We provide some pre-defined alert rules that cover the most common use cases for an OpenNebula cloud. These rules are not intended to use as-is, but as a starting point to define the alert situations for your specific use case. Please review the Prometheus documentation to adapt the provided alert rules.
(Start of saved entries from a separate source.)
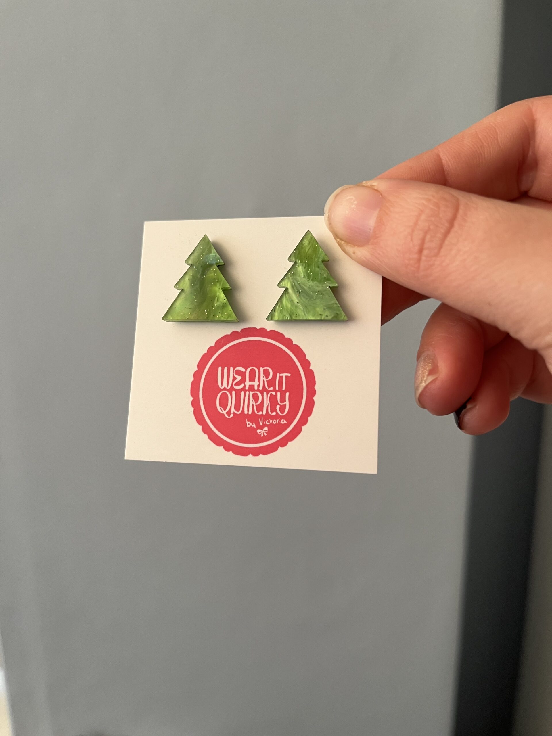 Green Christmas Tree Stud Earrings
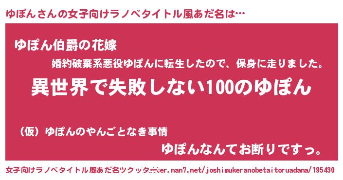 | 男性向けラノベタイトル風あだ名 | 『ゆぽんという概念が存在しない退屈な世界 』 |
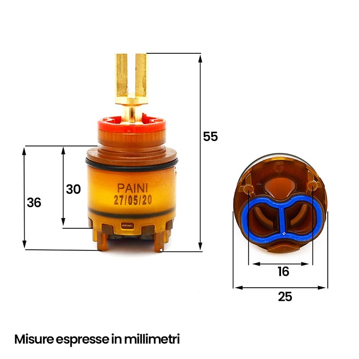 Cartuccia di ricambio per miscelatore monocomando PAINI mm.25 alta
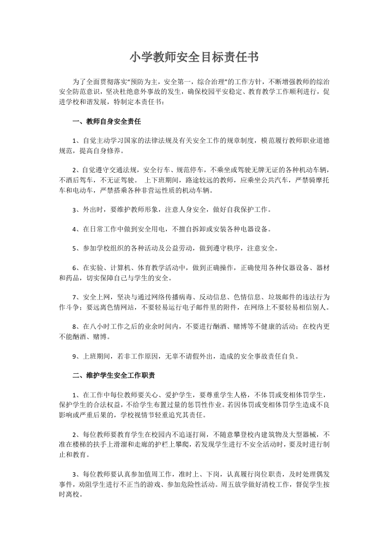 首页安全资料14.小学教师安全目标责任书
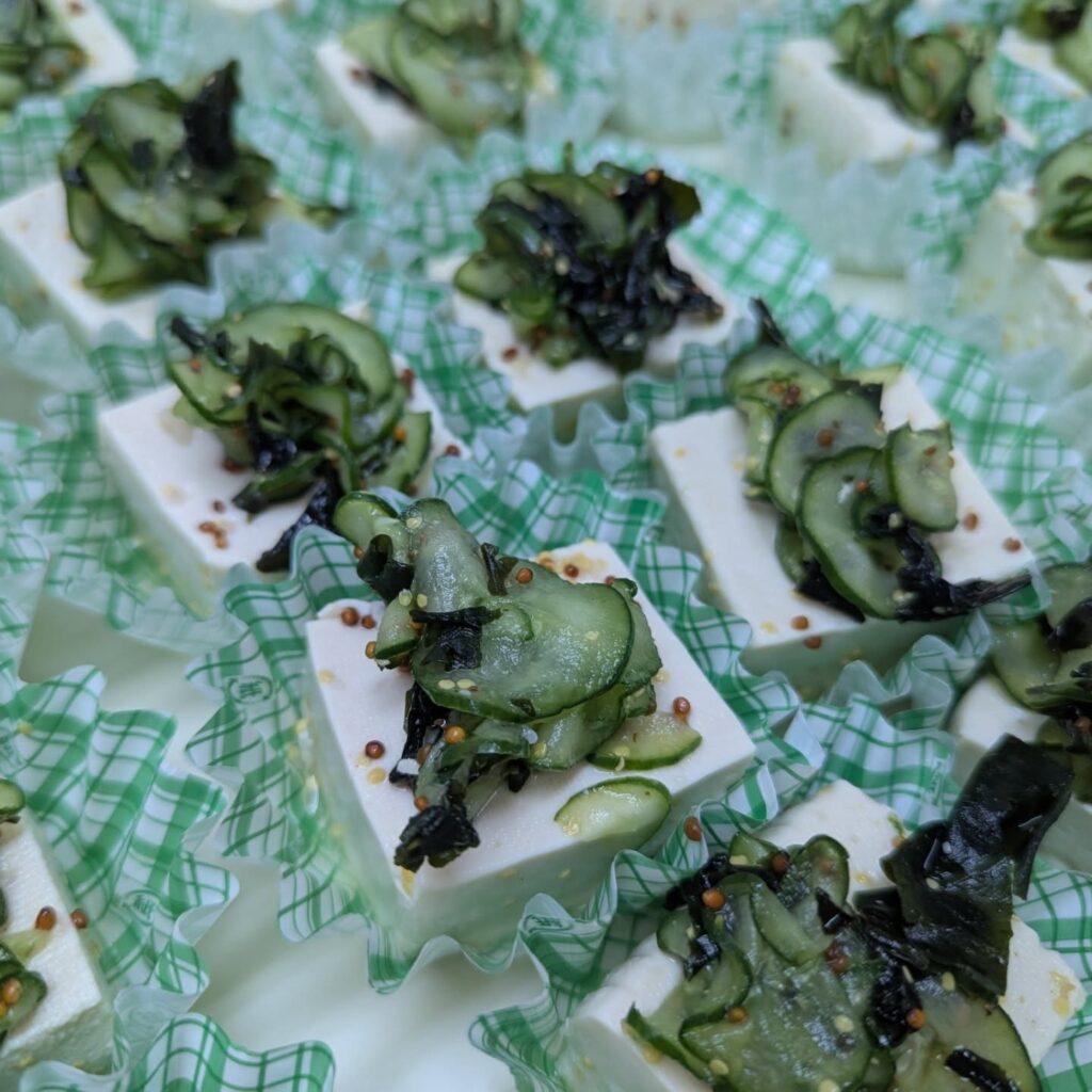 今日はきゅうりとわかめのさっぱりだれを塩麹に一晩つけて焼いたお豆腐にかけています。
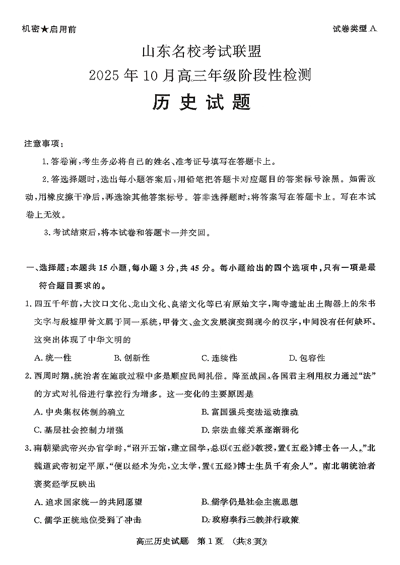 山东名校考试联盟2025年10月高三年级阶段性检测 历史.pdf
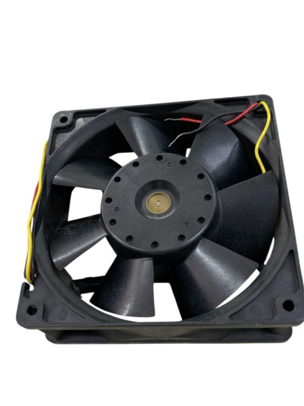 With a 120 mm × 120 mm × 38 mm (approximately 4.5″) frame, the fan is commonly used in industrial electronics, telecom systems, servers, power supplies, and control cabinets. The fan features a ball-bearing motor, providing long service life and stable operation even in continuous-duty environments.
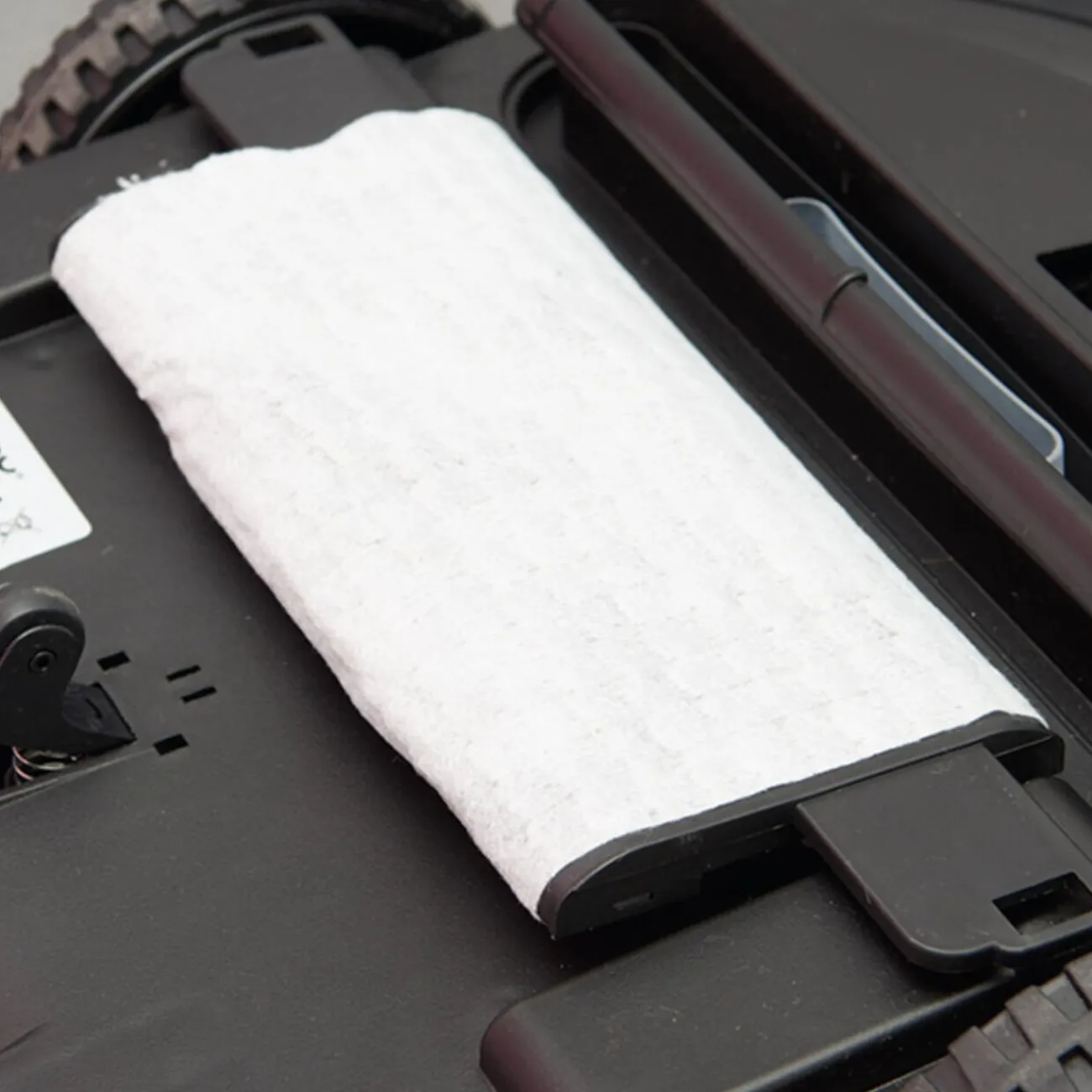 Détecteur d’obstacles, fonction antichute, poignée de transport, lingette attrape-poussière.
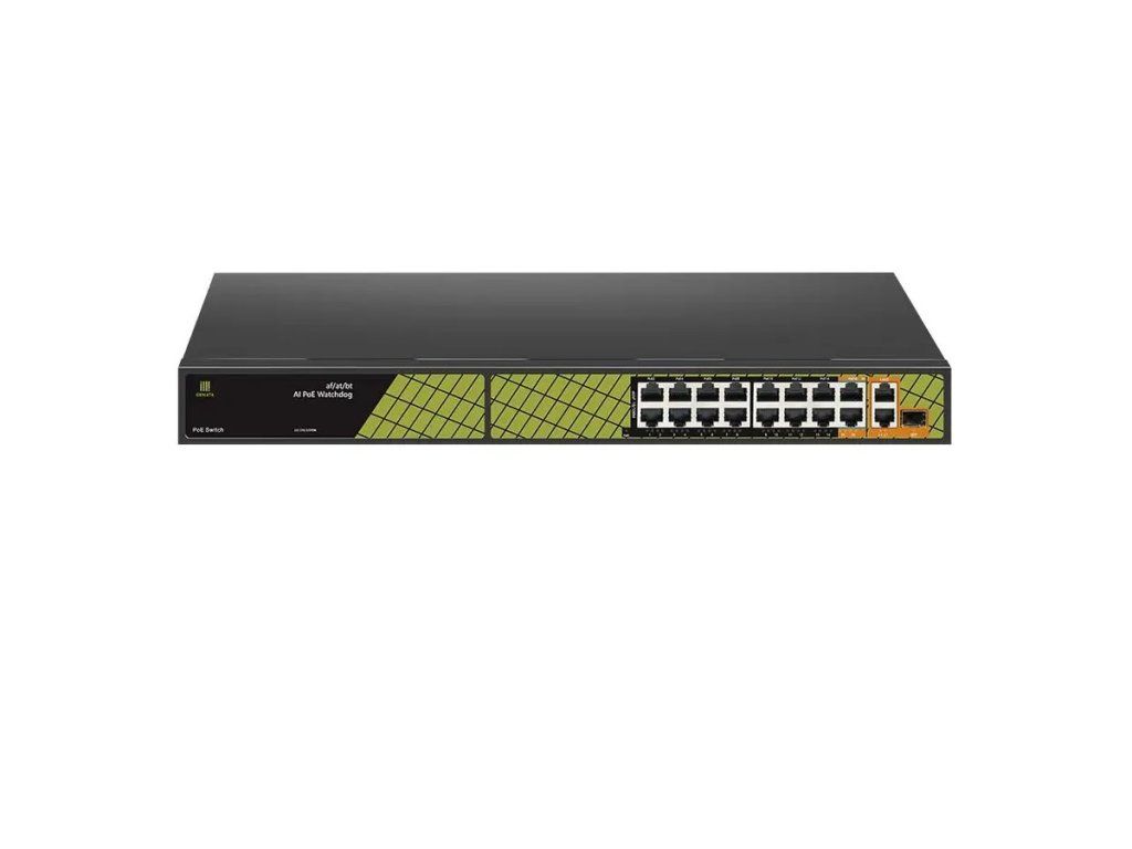 Fast Ethernet rackmount PoE switch without management with Gigabit uplink ports and one combo SFP is an ideal PoE switch for small businesses and larger family homes and is designed to power up to 16 devices (cameras/Wi-Fi APs) with low power consumption. The switch offers reliable operation thanks to integrated cooling, 14x 10/100 Mbps + 4x Gigabit uplink LAN + 1x Gigabit combo SFP of which 16 Ethernet ports support PoE function (802.3af/at, 30W/port, ports 15 and 16 even support 802.3af/at/bt - 60W/port) with a total PoE budget of 300W, low internal power consumption and power supply via 230V AC connector thanks to built-in power supply. Key Features - (14) 10/100 Mbps + (4) 10/100/1000 Mbps LAN + (1) combo SFP - 230V AC power supply - (14) 802.3af/at PoE (30W/port) + (2) 802.3af/at/bt PoE (60W/port) - PoE budget 300W - Rack mountable, 1U height - Active cooling - fan on the side of the chassis - PoE watchdog - Dimensions 430 x 180 x 45mm Package contents - Device - Rack mounts - Power cordAdditional parameters
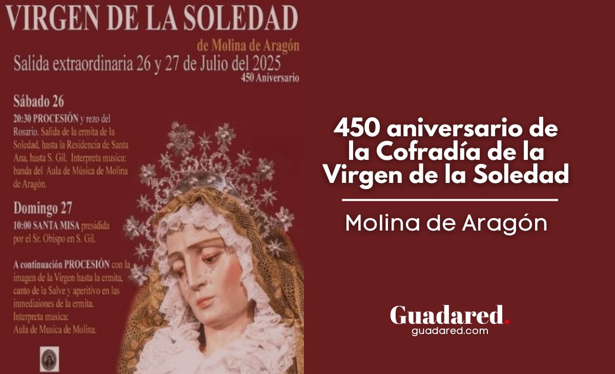 Este fin de semana, Molina de Aragón conmemorará uno de los momentos más importantes de su historia religiosa: el 450 aniversario de la Cofradía de la Virgen de la Soledad, una de las devociones más arraigadas en la localidad y especialmente en el barrio que lleva su nombre.
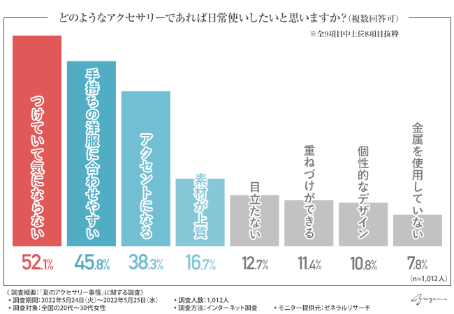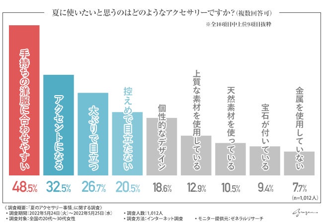 夏のアクセサリーは洋服に合わせやすいものが人気!20代~30代の約半数が支持
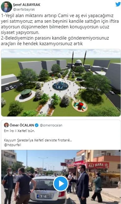 "1-Yeşil alan miktarını artırıp Cami ve aşevi yapacağımız yeri satmıyoruz; ama sen beynini Kandil'e sattığın için iftira atıyorsun düşünmeden bilmeden konuşuyorsun ucuz siyaset yapıyorsun.
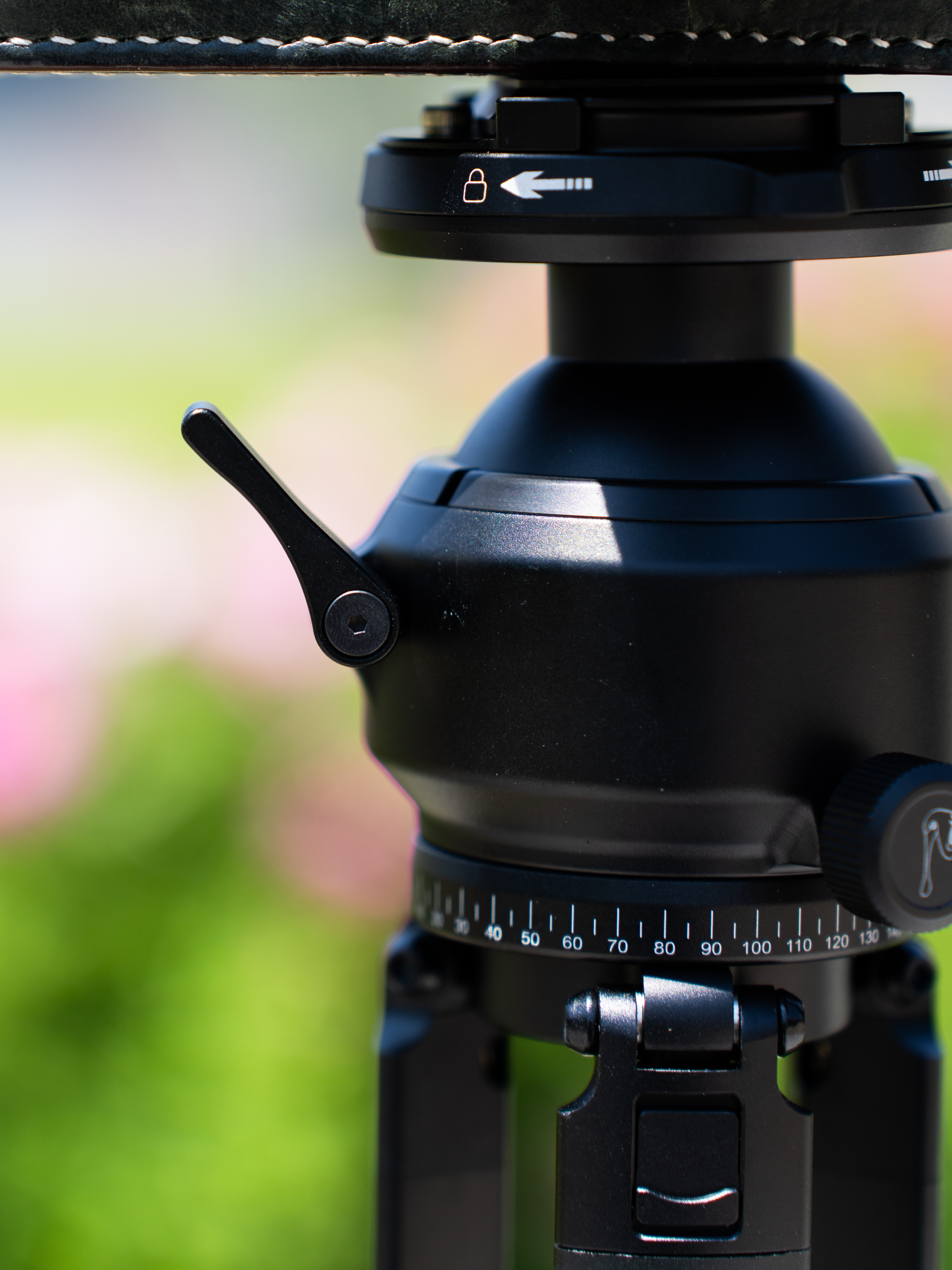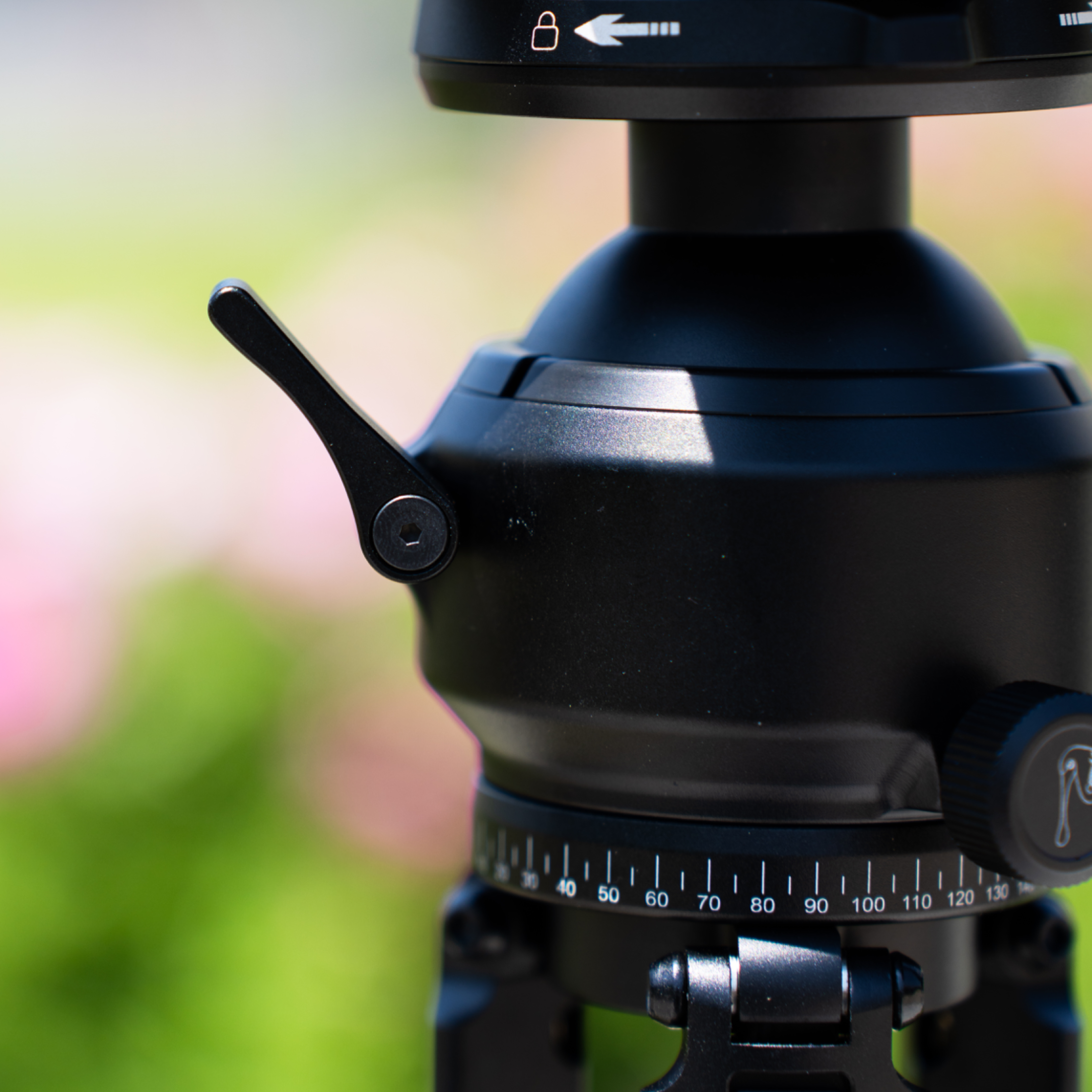 볼헤드 잠금 레버는 전작보다 길어졌고 곡선 마감이 추가됐습니다. 적은 힘으로도 레버를 잠그고 풀 수 있을뿐 아니라 손가락이 안정적으로 고정됩니다. 패닝 노브는 여전히 나사 방식입니다.
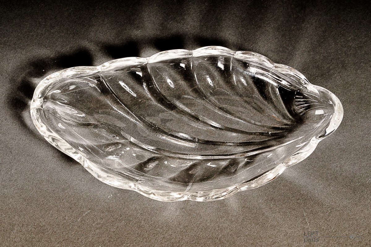 Bezbarwna patera śledziówka wyprodukowana w Hucie Szkła Gospodarczego Ząbkowice.

Alert Rules can be found in /etc/one/prometheus/rules.yml

Group: AllInstances

Name

Severity

Description

InstanceDown

critical

Server is down for more than 30s

up == 0

DiskFree

warning

Server has less than 10% of free space in rootfs

(node_filesystem_avail_bytes{mountpoint="/",fstype!="rootfs"} / ...) <= 10

FreeMemory10

warning

Server has less than 10% of free memory

((node_memory_MemFree_bytes * 100) / node_memory_MemTotal_bytes) <= 10

LoadAverage15

warning

Server has more that 90% of load average in last 15 minutes

node_load15 > 90

RebootInLast5Minutes

Server has has been rebooted in last 5 minutes

rate(node_boot_time_seconds[5m]) > 0

Group: OpenNebulaHosts

Name

Severity

Description

HostDown

critical

OpenNebula Host is down for more than 30s

opennebula_host_state != 2

LibvirtDown

critical

Libvirt daemon on host has been down for more than 30 seconds

opennebula_libvirt_daemon_up == 0

Group: OpenNebulaVirtualMachines

Name

Severity

Description

VMFailed

critical

OpenNebula VMs in failed state more than 30 seconds

count(opennebula_vm_lcm_state == 44 or ...) > 0

VMPending

critical

OpenNebula VMs in pending state more than 300 seconds

count(opennebula_vm_state == 1) > 0

Group: OpenNebulaServices

Name

Severity

Description

OnedDown

critical

OpenNebula oned service is down for more than 30s

opennebula_oned_state == 0

SchedulerDown

critical

OpenNebula scheduler service is down for more than 30s

opennebula_scheduler_state == 0

HookManagerDown

critical

OpenNebula hook manager service is down for more than 30s

opennebula_hem_state == 0

Setting up Alarms for OpenNebula in HA

Important

To avoid duplicate alert notifications you should configure all your alertmanager instances to run in HA mode, then point all your prometheus instances to them.

Please refer to the Using Prometheus with OpenNebula in HA section for details.